Of course! When you think that you need to use Encode::_utf8_on() then
use utf8::decode() instead (or Encode::decode('UTF-8', ...)). Similarly
utf8::encode (or Encode::encode('UTF-8, ...)) instead of
Encode::_utf8_off().

> Btw. there was a change in the behaviour between perl v5.14.2 and
> v5.20.2: In older perl versions you could do a
>
> my $html = '';
> Encode::_utf8_on($html);
>
> before opening the file handle onto this variable. In newer perl
> versions the utf8 flag is reset on open() and print() to the variable's
> file handle.

UTF8 flag just indicate if internal encoding of perl scalar is Latin1 or
UTF8. But it is internal any Latin1 string can be represented either in
Latin1 (without UTF8 flag) or in UTF-8 (with UTF8 flag). You should not
care about internal representation in pure perl code. Any perl function
at any time can convert scalar between these two encoding if it is
possible (for ASCII and Latin1 charsets).

(Btw, on EBCDIC platforms, UTF8 flag indicate that internal encoding is
UTFEBCDIC or EBCDIC, not UTF-8!!, so really do not depend on UTF8 flag!)

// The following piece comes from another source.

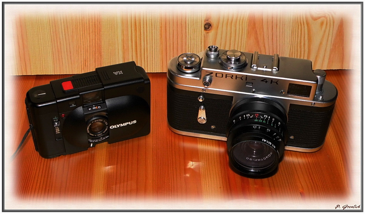 Zum Grössenvergleich zusammen mit einer Olympus XA. An der Zorki dabei ein Industar 50/3.5 von 1975, ebenfalls mit Step Up Ring, diesmal aber mit Skylight Filter
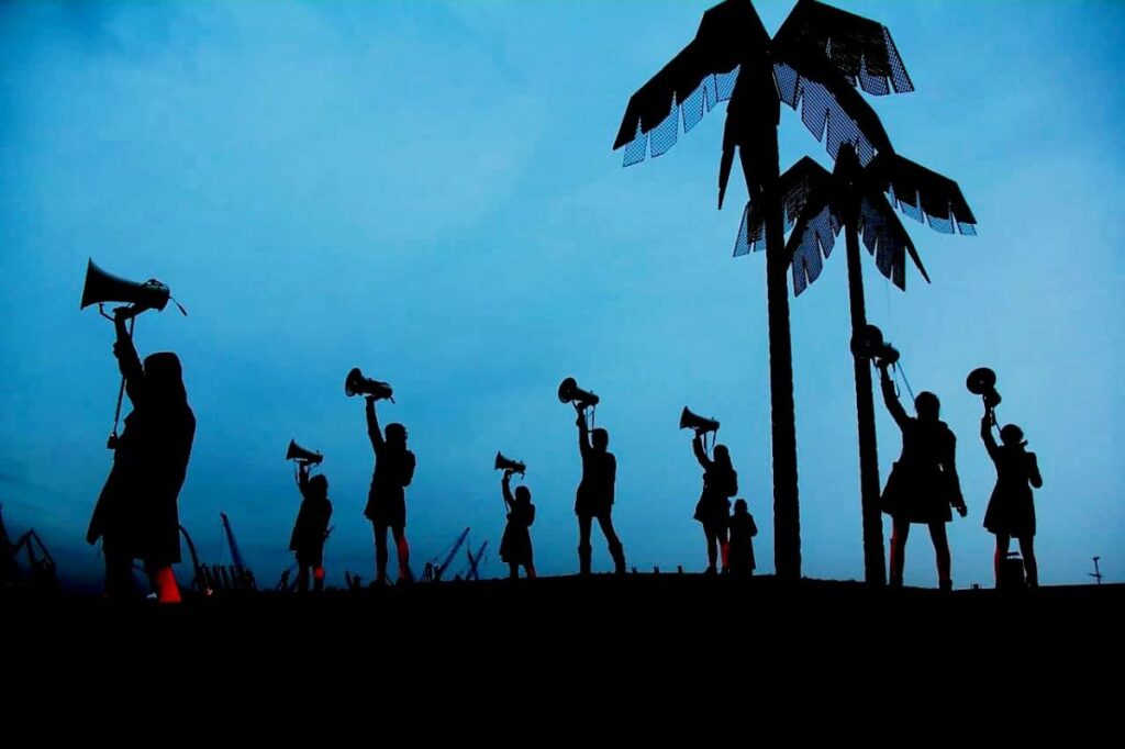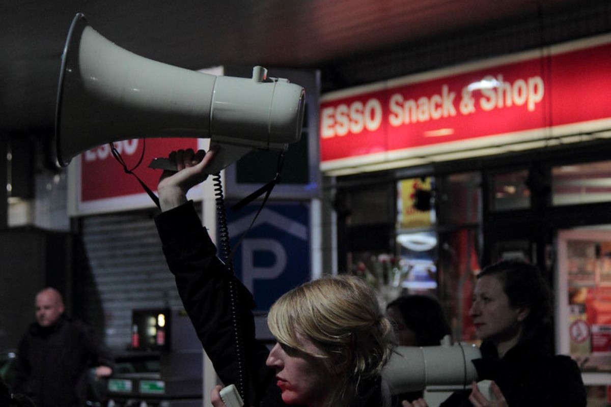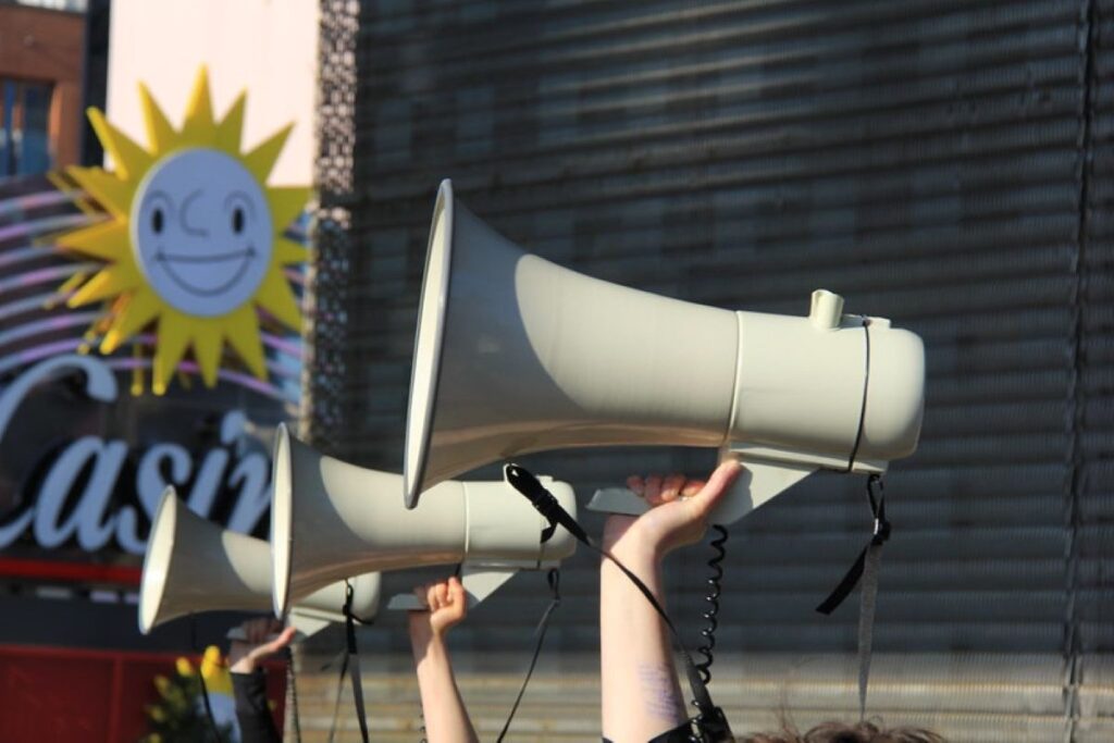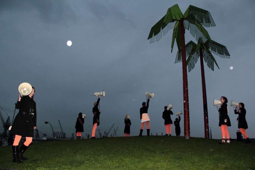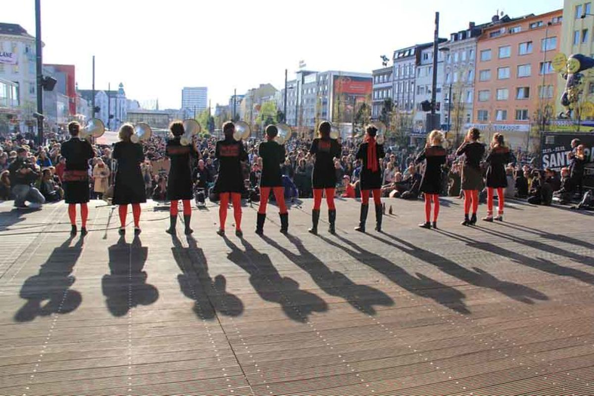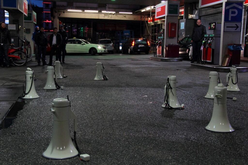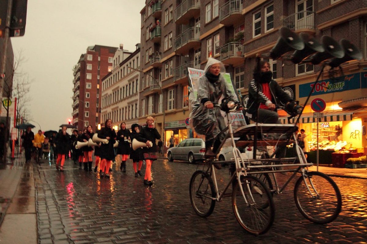 Der ausschließlich mit Frauen* besetzte Megafonchor bringt eine ungewöhnliche und eindringliche Form Politischer Rede hervor, die bewusst nicht eloquent ist: Alltagssprache, die stottert, zögert und sich verspricht. In Partizipativer Künstlerischer Forschung mit Aktivist*innen, Künstler*innen sowie Bewohner*innen und Nachbar*innen der sogenannten „Esso-Häuser“ im Hamburger Stadtteil S. Pauli hat Sylvi Kretzschmar den Megafonchor für den spezifischen Kontext der Recht auf Stadt Bewegung entwickelt und performativ erprobt: 15 Frauen* mit Megafonen verstärken Statements aus Interviews mit Nachbar*innen, Nutzer*innen und Mieter*innen der inzwischen abgerissenen Häuser. In wörtlicher Wiedergabe sprechen sie anstelle der Interviewten. Der Megafonchor kommt als Medium stellvertretender Stimmverstärkung bis heute im Kontext urbaner Proteste zum Einsatz.

And to your question, here is explanation of your source code:

> -----------------------------------------------------
> use strict;
> use utf8;

Now source code is expected to be in utf8 and perl strings are treated
as wide characters.

> use Encode;
> use FileHandle;
>
> binmode STDOUT, ":utf8";

Now printing to STDOUT handle accept wide characters (>= 0xFF) and
convert output to utf8 octets. So your terminal should be configured to
accept and show UTF-8 sequences correctly.

>
> my $html = '';
>
> #-- open filehandle to write into the $html variable as utf8
> open(my $fh, '>:encoding(UTF-8)', \$html);

Now printing to $fh accept wide characters and convert printed
characters to utf8 octets before storing them to $html. It means that
$html will *always* contains sequence of numbers which represent utf8
sequences.

> my $orig_stdout = select( $fh );
>
>
> print "Ümläut Test ßaß; 使用下列语言\n";

Now you have string with wide characters and this print will send this
string to $html. In $html you have sequence of octets which contains
encoded form of that wide string.

>
>
> select( $orig_stdout );
> $fh->close();
>
> #You need to activate this line to make utf8 output correct
> #Encode::_utf8_on($html);
>
> print $html;

And now you send sequence of utf8 octets to STDOUT which expect wide
characters those are converted to utf8 octets. So what you get is double
encoded utf8 sequence.

Now stop, and think about it why this is truth!

> -----------------------------------------------------

Fix is really simple. Either decode utf8 octets in $html back to wide
characters (via utf8::decode($html)) or tell STDOUT that it does not
expect wide strings, but raw octets (= remove binmode STDOUT, ":utf8";)
line.

Again... think about it, why both my proposed fixes are working.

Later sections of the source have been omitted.